Building and Repairing Muscle
After resistance training, your muscles enter a state where they actively rebuild and grow, a process called muscle protein synthesis. The rate and duration of this rebuilding depends heavily on how much protein you eat and when.
Research on young adults shows that roughly 20 grams of high-quality protein (about 0.25 grams per kilogram of body weight) consumed after exercise is enough to maximize muscle rebuilding in most people. Going higher, to around 0.31 grams per kilogram, accounts for individual variation and serves as a more conservative target. Eating beyond that in a single sitting doesn’t further boost muscle growth. Instead, the excess amino acids get oxidized for energy or excreted.

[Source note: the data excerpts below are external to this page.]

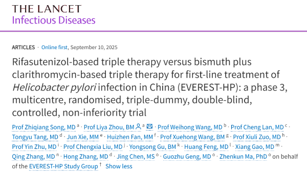 据光明日报报道,北京大学第三医院消化科教授周丽雅/宋志强团队带领全国40家相关消化疾病诊疗中心研究发现,含利福特尼唑的三联方案,为治疗幽门螺杆菌感带来了全新的选择。相关成果日前于《柳叶刀-感染病学》在线发表。
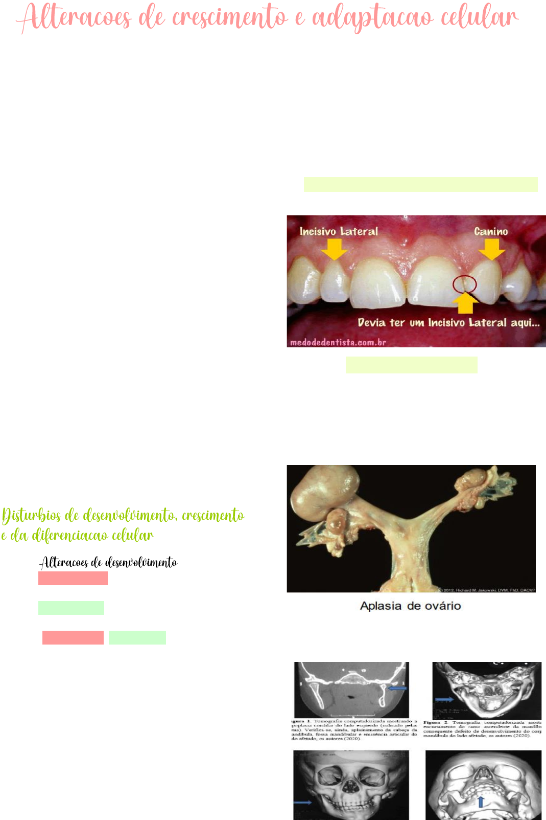 • • Ciclo celular • Células lábeis células epiteliais, hematopoiéticas e linfóides • Células estáveis fígado, pâncreas, salivares, fibroblastos e osteoblastos • Células permanentes células do sistema nervoso central e músculo Finalidade: • Organizar a proliferação celular • Transmitir a informação genética para a próxima geração. • Produzir duas células idênticas a partir de uma única célula. Função: • Regula, durante o desenvolvimento embrionário e pós-natal: • Proliferação celular • Diferenciação celular • Apoptose das células não mais necessárias • celular (congênitas) • Alterações de crescimento celular (adquiridas) • Alterações da diferenciação celular (congênitas/adquiridas) Alterações de desenvolvimento: Defeitos congênitos de desenvolvimento (GENÉTICA) Ação de agentes no desenvolvimento embrionário (toxinas, infecciosos e químicos) Causas: congênita, infecções, traumas, disfunções hormonais, medicamentos • Agenesia • Aplasia/Hipoplasia • Atresia • Ectopia Agenesia • Ausência total ou parcial de um órgão • Ex: acardia, anencefalia, etc. Aplasia: :má formação do orgão • Há somente um esboço embrionário de uma região ou órgão, sem o completo desenvolvimento destes • Ex: aplasia segmentar do esôfago, aplasia de membro, microcefalia, etc • Aplasia condilar: Hipoplasia • Formação deficiente de parte ou totalidade de um órgão ou tecido. • Há diminuição do número de células, porém, estas conservam morfologia e função normais; • o tecido ou órgão é que tem o volume e a função diminuídos. • Hipoplasia maxilar •Hipoplasia de esmalte Atresia Quando não há o completo desenvolvimento de um órgão oco ou de um ducto. Ectopia Quando um tecido ou órgão se localiza em local incomum. • Tecido normal em localização anormal. Alterações de crescimento: • Atrofia/Hipotrofia • Hipertrofia • Hipoplasia • Hiperplasia Atrofia/Hipotrofia • Redução no tamanho/volume da célula devido à perda de substância celular • Menor consumo de O2 • Diminuição no número e tamanho das organelas • Menor número de mitocôndrias, miofilamentos e estruturas do retículo endoplasmático • Causas comuns: • ↓ carga (atrofia por desuso) • Perda da inervação (atrofia por desnervação) • ↓ suprimento sanguíneo (isquemia) • Nutrição inadequada • Perda da estimulação endócrina • Por compressão Hipotrofia Fisiológica: - senilidade (generalizada) - menopausa (↓ estrogênio → atrofia mamas - afeta todo organismo → adaptação - sem prejuízo funcional Atrofia dos maxilares por uso excessivo de chupeta. Hipertrofia Aumento do volume celular provocado pelo aumento individual do tamanho da célula, sem alteração do seu número. • Comum em células perenes ou estáveis (células musculares, principalmente). • Maior conteúdo de DNA • o ciclo celular pára antes da mitose Ex.: atletas, halterofilistas (patológica) útero na gravidez (fisiológica), uso de medicamentos (barbitúricos provoca hipertrofia de hepatócitos). Hipertrofia cardíaca • Sobrecarga hemodinâmica crônica • Hipertensão arterial ou disfunção de valvas • Aumento da síntese de proteínas •Homeostase!!! Língua e Adenoides Hipoplasia • Diminuição na taxa de reprodução celular • Diminuição no número de células • Órgão menor • Fisiológico • Senilidade (gônadas) • Patológico • Anemias hipoplásicas (agentes tóxicos) • Órgãos linfoides (AIDS, corticoterapia prolongada) Hiperplasia Aumento do número de células de um órgão ou tecido resultando em aumento de seu volume • Ocorre quando a população celular for capaz de sintetizar DNA permitindo que ocorra mitose • Ex.: aumento de volume do tecido conjuntivo fibroso em pacientes portadores de próteses totais desajustadas. • Ex: hiperplasia gengival • Fisiológico • Estímulo hormonal (Mama → gravidez / puberdade; Útero → gravidez) • Compensatória (hepatócitos após hepatotectomia, rins e testículos após retirada do órgão contralateral) • Regeneração (reconstituição do tecido) • Patológico • Estímulo hormonal excessivo (hiperfunção da hipófise) • Fígado após lesões (cirrose) • Infecção viral em cels epiteliais (verrugas e papilomas) • Uso de Medicamentos (fenitoína, ciclosporina A, etc) Alterações de diferenciação: • Metaplasia • Displasia • Anaplasia (não fala sobre no slide) • Defeitos adquiridos ou congênitos • Alterações de diferenciação envolvem modificações qualitativas das células, ou seja, há alterações em seu comportamento. Metaplasia • Uma célula adulta passa a adquirir características de outro tipo de célula adulta. • Resultado de reprogramação de células- tronco que seguem nova via de diferenciação por meio de sinais gerados por citocinas, fatores de crescimento e componentes da matriz extracelular no ambiente que cerca a célula. • Pode se desenvolver em tecidos expostos a prolongados traumatismos ou a irritações crônicas. • Ex.: a célula cilíndrica dos epitélios respiratórios pode adquirir características de célula escamosa (semelhante a do epitélio cutâneo). → metaplasia escamosa Displasia • Proliferação celular excessiva, acompanhada de ausência ou escassez de diferenciação. • Precedido por uma irritação ou inflamação crônica, o processo displásico pode regredir se retirada a causa irritante. • O termos displasia, para órgãos, refere-se a processos regressivos e/ou degenerativos associados a condições genéticas. • É considerada uma lesão pré-neoplásica!!!
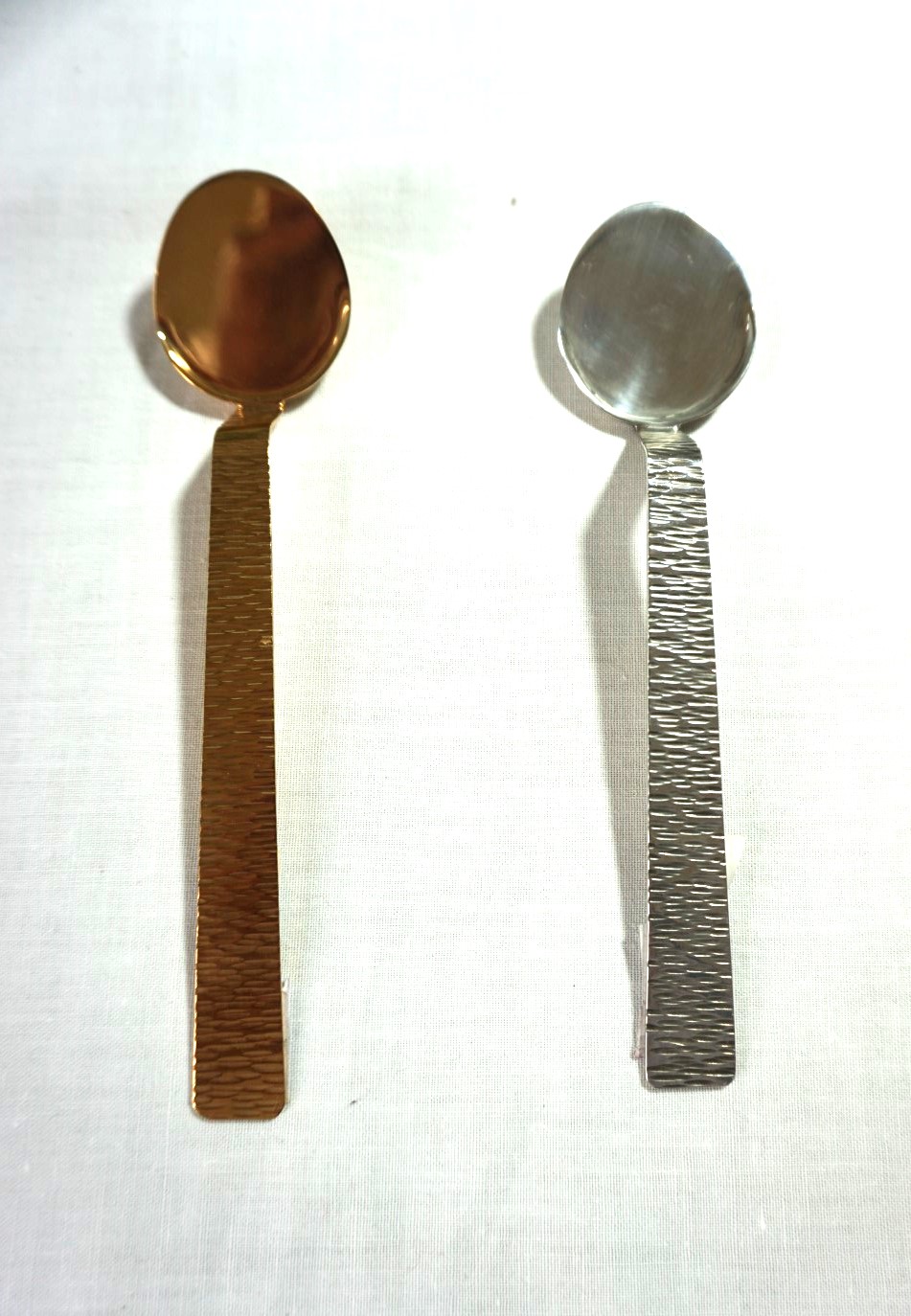 2 Einzelstücke, Grundmaterial Messing, das eine vergoldet, das andere versilbert, beide gehämmert, Länge jeweils 15,5 cm. Bitte wählen Sie aus!

Spacing matters too. Consuming 20 grams of protein every three hours over the course of a day has been shown to support the highest rates of muscle protein synthesis compared to larger, less frequent doses. This is why many athletes and active people spread their protein intake across meals rather than loading it all into dinner.
How Much Protein You Need
The current Recommended Dietary Allowance for protein is 0.8 grams per kilogram of body weight per day for sedentary adults. For a 70-kilogram (154-pound) person, that comes out to about 56 grams daily. This is the minimum to prevent deficiency, not necessarily the amount for optimal health or performance.
People who exercise regularly, are recovering from injury, or are older than 65 generally benefit from more. Many sports nutrition guidelines suggest 1.2 to 2.0 grams per kilogram for active individuals, depending on training intensity. The U.S. Dietary Guidelines note that a formal re-examination of protein requirements is being planned, but no updated timeline has been set. In the meantime, most people can meet their needs through a mix of animal and plant sources like meat, fish, eggs, dairy, beans, lentils, and soy.